3. Legal Fiction and Deemed Exports:
The appellant emphasized that legal fictions, such as treating supplies to SEZs as exports, should be confined to their specific purposes. They cited judgments like Mancheri Puthusseri Ahmed and Ors. and Commissioner of Income Tax, Kanpur vs. Mother India Refrigeration Industries P. Ltd. to argue that such fictions should not extend beyond their intended scope.

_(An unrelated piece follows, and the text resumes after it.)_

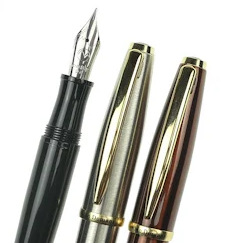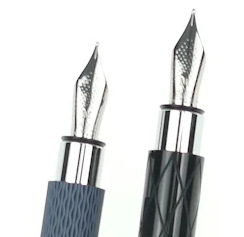 The Ambition line of fountain pens have strong design elements, providing a touch of luxury. Available in either wooden or precious resin barrels with a stainless steel nib, chrome plated end caps and a spring loaded clip.
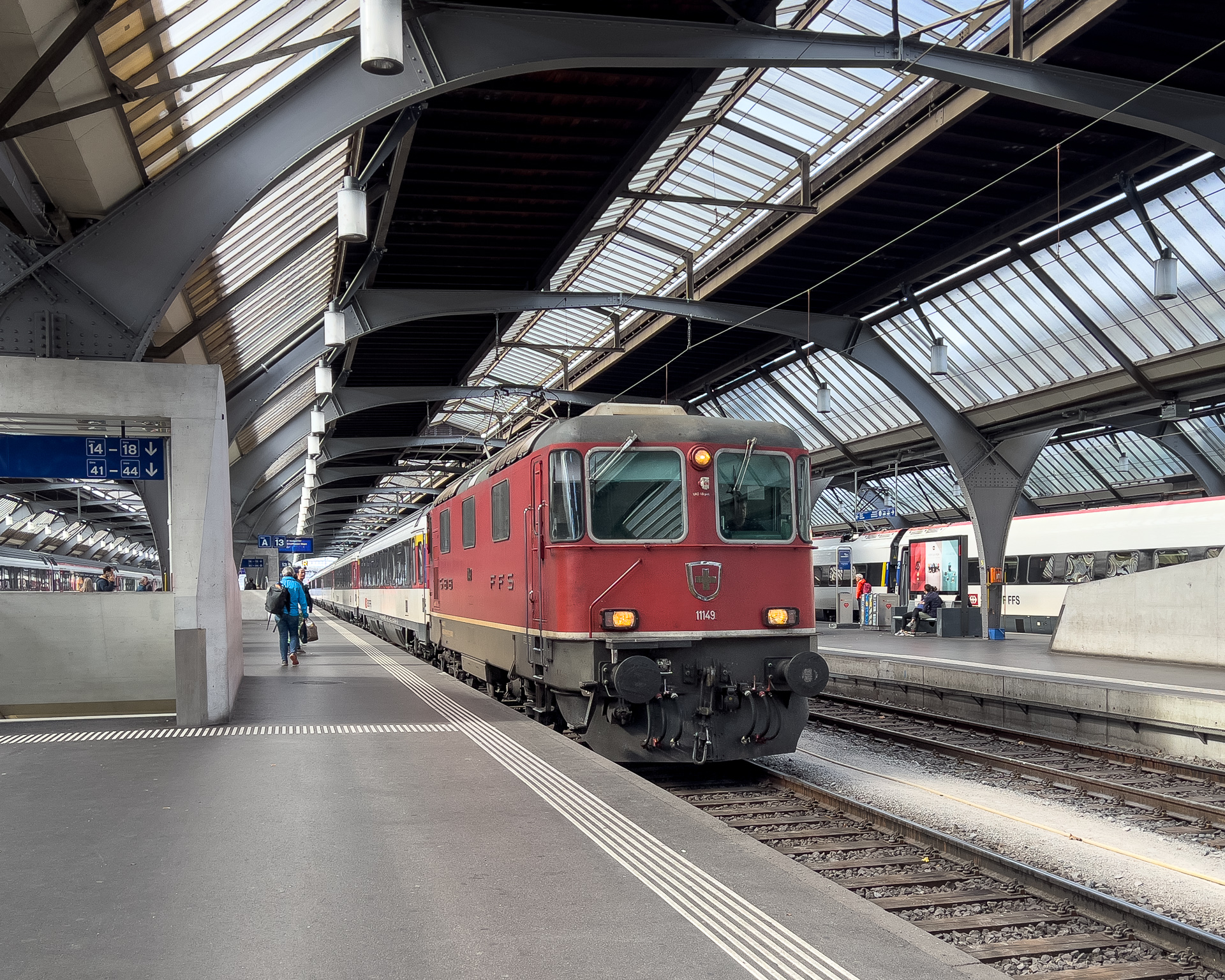 Noch einmal genossen wir das Frühstück im Hotel, dann klappten wir die Koffer zu, checkten aus und machten uns auf den 100 Meter langen Weg zum Bahnhof. Es ging ohne Probleme mit Umsteigen in Zürich bis Böblingen. Der Zug nach Zürich war dabei heute am Samstag sehr gut ausgelastet.

4. Statutory Provisions and Harmonization:
The Tribunal considered the statutory framework under which rebates are sanctioned, particularly Section 11B and Rule 18 of the Central Excise Rules, which pertain to goods exported out of India. The respondent argued that if supplies to SEZs are not treated as exports, there would be no statutory basis for granting rebates on such supplies. They pointed to provisions in the SEZ Act, such as Section 2(m) and Section 53, which treat SEZs as territories outside India's customs territory, thereby supporting the notion that supplies to SEZs should be treated as exports.

Divergent Judgments:
The Tribunal noted various conflicting judgments on this issue. For instance, in Hindustan Petroleum Corpn. Ltd. vs. Commissioner of C.Ex, Mumbai, the Tribunal held that appeals on refunds for goods supplied to SEZs were not maintainable. Conversely, in Tata Consultancy Services Ltd. vs. Commr. of C.Ex. & S.T (LTU), Mumbai, the Tribunal entertained such appeals.

Conclusion:
The Tribunal concluded that a harmonious construction of the relevant provisions leads to the conclusion that appeals in cases of rebate on goods supplied to SEZs do not lie with the Appellate Tribunal under clause (b) of the proviso to Section 35B(1) of the Central Excise Act. This interpretation aligns with the purpose of the statutory fiction and avoids rendering any provisions redundant or unworkable. The judgment emphasized that treating supplies to SEZs as exports for rebate purposes is a logical extension of the legal fiction created by the SEZ Act.

Pronouncement:
The judgment was pronounced in court on 17.12.2015.